Examination of Galvanic Action between Fe-Based Bulk Metallic Glass and Crystalline Alloys

Hung M. Ha¹ and Joe H. Payer<sup>1

1</sup>Department of Materials Science and Engineering, Case Western Reserve University, Cleveland, OH, USA

Abstract  Fe-based bulk metallic glasses (amorphous metals) have been developed, and several compositions are shown to have excellent corrosion resistance in chloride solutions. Further, thermal-spray amorphous metals are being developed for use as a barrier coating layer, to protect substrate materials from corrosion. Galvanic action between dissimilar metals and the coating/substrate for the amorphous-alloy coatings is of practical interest for a number of applications. The mixed-potential theory provides a useful approach for examining the corrosion behavior of the component materials in the galvanic couple and is applied in this study. Galvanic action was studied for an Fe-based structurally amorphous metal (SAM) 1651 and several crystalline alloys that included 1018 C-steel, stainless steel (SS) 316L, and alloy 22. Anodic and cathodic polarization curves of each of the metals were measured by potentiodynamic polarization. Based on the mixed-potential theory, the behavior of the component materials in a galvanic cell was predicted. The predictions are compared to the measured behavior of galvanic couples with the crystalline alloys.

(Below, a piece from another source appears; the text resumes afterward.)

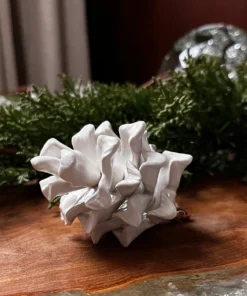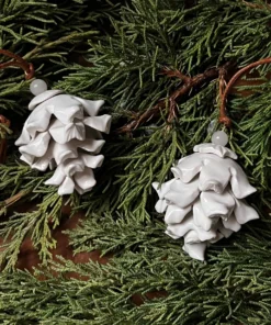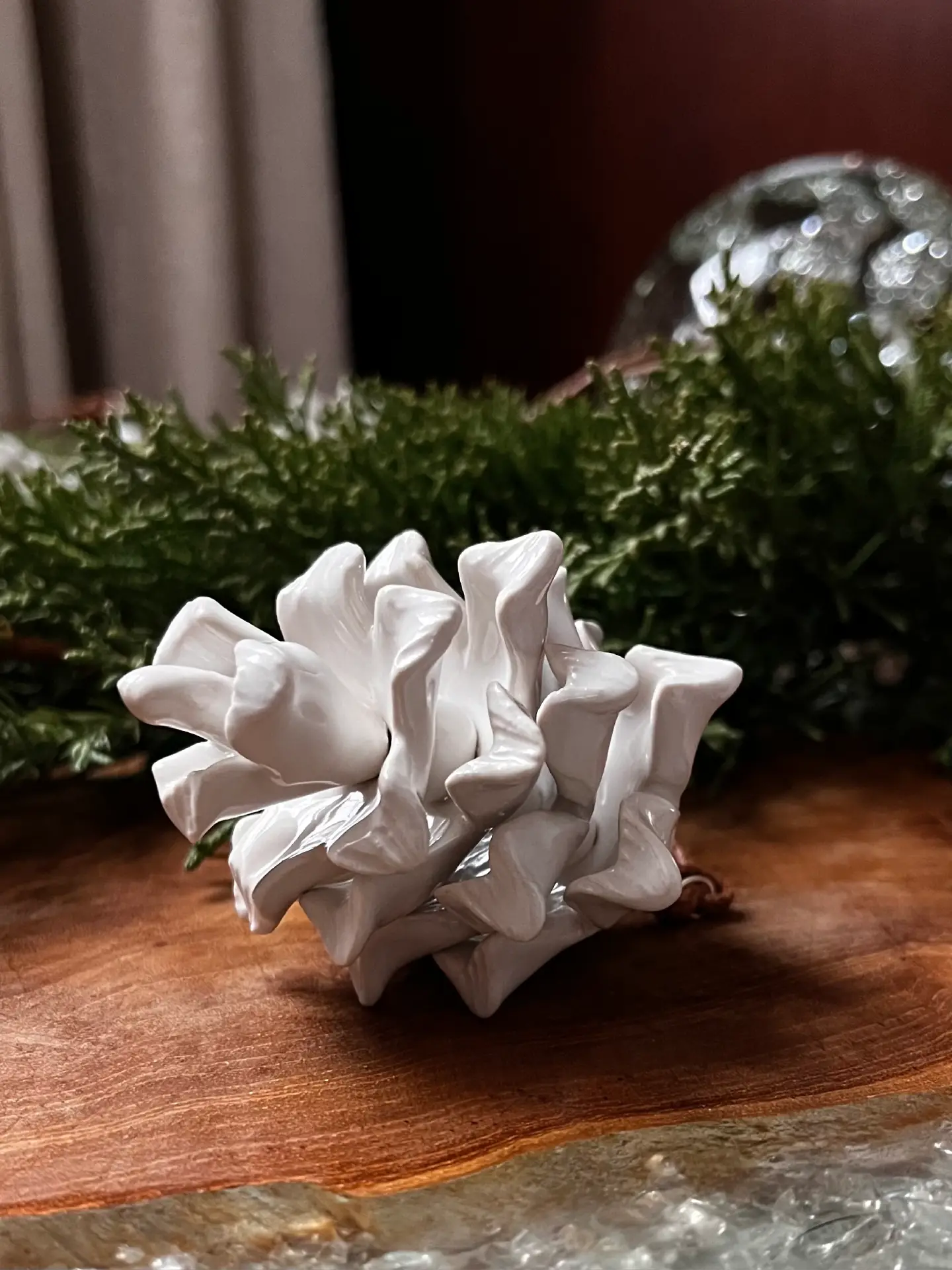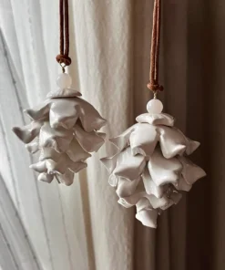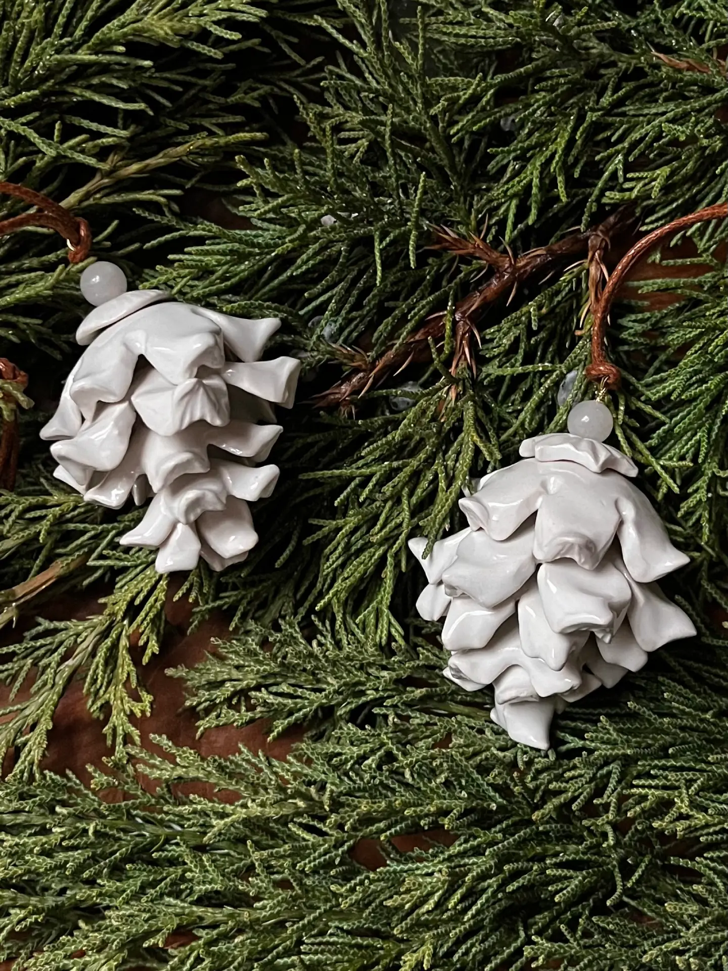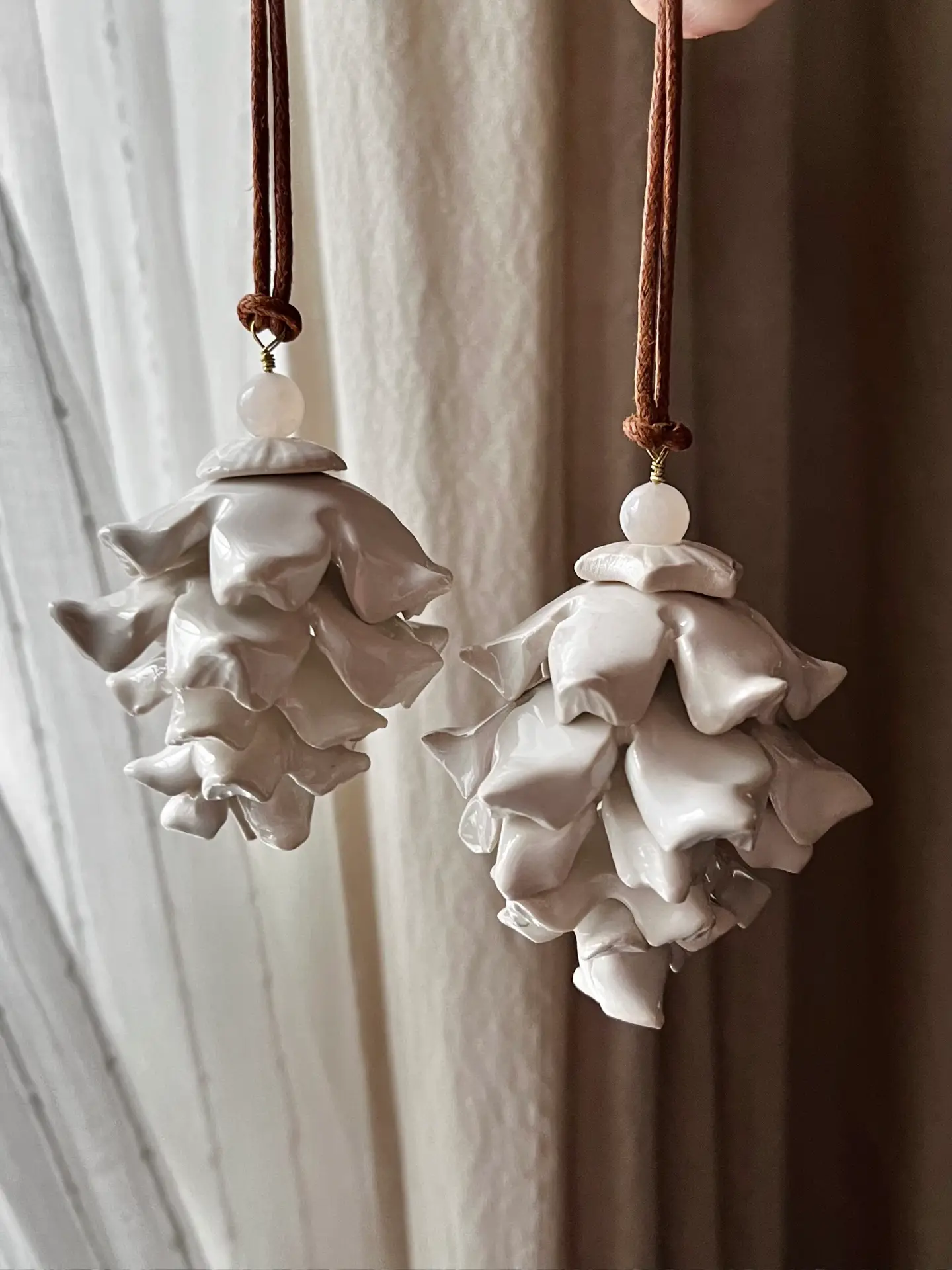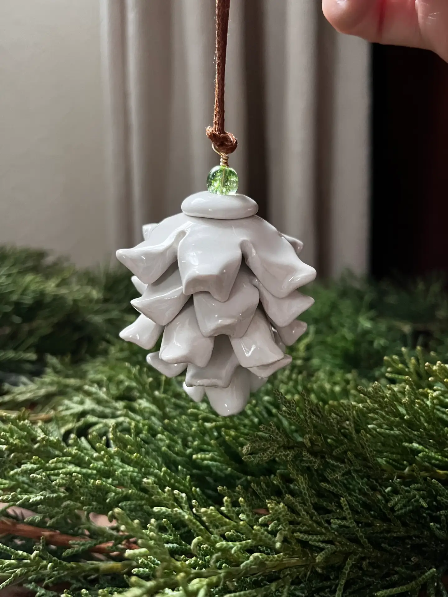 These ornaments are assembled of handmade shaped pieces, in graduated sizes, that when strung on wire with beads between, create an artistic representation of a pinecone that moves and makes a small chiming sound.

This article is based on a presentation given in the symposium entitled “Iron-Based Amorphous Metals: An Important Family of High-Performance Corrosion-Resistant Materials,” which occurred during the MSandT meeting, September 16–20, 2007, in Detroit, Michigan, under the auspices of The American Ceramics Society (ACerS), The Association for Iron and Steel Technology (AIST), ASM International, and TMS.